Лориана предположила, что Грозоблако запрограммировано на то, чтобы игнорировать статику, исходящую от острова, подобно тому как люди не обращают внимания на гудение кондиционера, но стоит только гудению стихнуть, как все тотчас же это замечают. Возможно, точно так же обстоит дело и с Грозовым Облаком.
– Сигнал посылается на всех электромагнитных частотах с помощью некоего случайного алгоритма, – ответил Стирлинг. – Максимум, что я могу сделать – это слегка ослабить его, но всего на секунду-две за раз.
– Отлично! – отозвалась Лориана. – Провалы в сигнале – как раз то, что нам нужно. Кажется, в смертные времена существовал какой-то код, нет? Что-то там с точками и тире…
– Был такой, – подтвердил Стирлинг. – Я это проходил. Его называли кодом морса или как-то в этом роде.
– Ты его знаешь?
Он помотал головой.
– Держу пари, его теперь не знает никто, кроме Грозоблака.
И тогда Лориану осенило. Так легко и просто! Она чуть не расхохоталась.
– Слушай, а не важно! – сказала она. – Нам ни к чему знать этот код – мы придумаем собственный!
– Но если мы придумаем код, – озадаченно проговорил Стирлинг, – то ведь его никто не сможет расшифровать!
Лориана широко улыбнулась:
– Да ладно! Ты что, в самом деле воображаешь, что Грозовому Облаку не под силу раскокать простейший буквенно-цифровой код?
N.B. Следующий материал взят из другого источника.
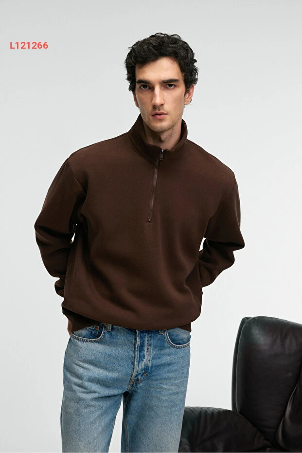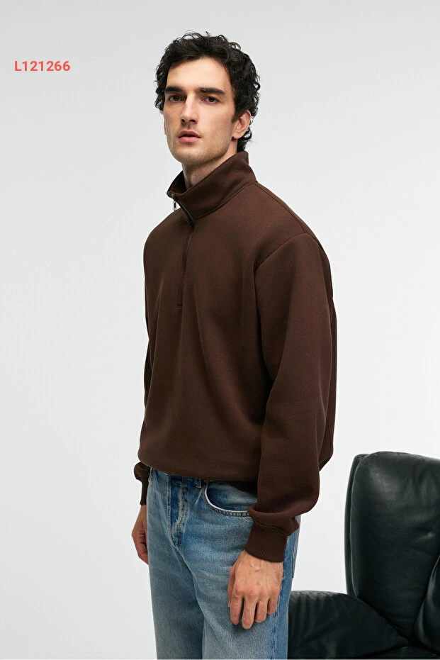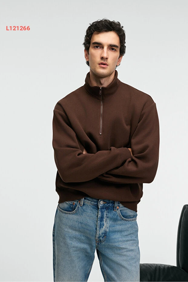 استمتع بأناقة غير رسمية مع سويت شيرت GRIMELANGE BAXTER، المصمم خصيصًا للرجل العصري. يأتي بلون بني دافئ وقصة مريحة، ويتميز بياقة مرتفعة وسحاب يسهل ارتداءه في أي مناسبة. اجعل كل لحظة فريدة ومريحة مع هذا القطعة المميزة في خزانتك!

Величайшие умы человечества не в состоянии придумать код, который оно не смогло бы расшифровать, а уж ты-то к этой категории граждан точно не относишься.
Стирлинг признал, что выдающимися умственными способностями не обладает.
– Прямо сейчас и займусь, – сказал он.
Спустя всего несколько часов заговорщики создали модуляционный код из коротких, средних и длинных статических пульсаций внутри белого шума, включающий комбинации для каждой буквы, цифры и знака препинания. Лориана дала Стирлингу простую записку – зашифровать и послать.
Достигли заданных координат.
Необитаемый атолл.
Понесли многочисленные потери.
Ждем дальнейших указаний.
Лориана сообразила, что после того как они исчезли в слепой зоне, Грозоблако их потеряло. Оно не имело понятия, достигли ли его посланцы места назначения, не знало, чтó они здесь нашли и вообще живы ли. Облаку требовалось подтверждение. Как странно – самое могущественное создание в мире ждало сейчас вестей от нее, Лорианы!
– Даже если Облако и получит сообщение, оно ж не ответит, – сказал Стирлинг. – Ведь мы по-прежнему негодные.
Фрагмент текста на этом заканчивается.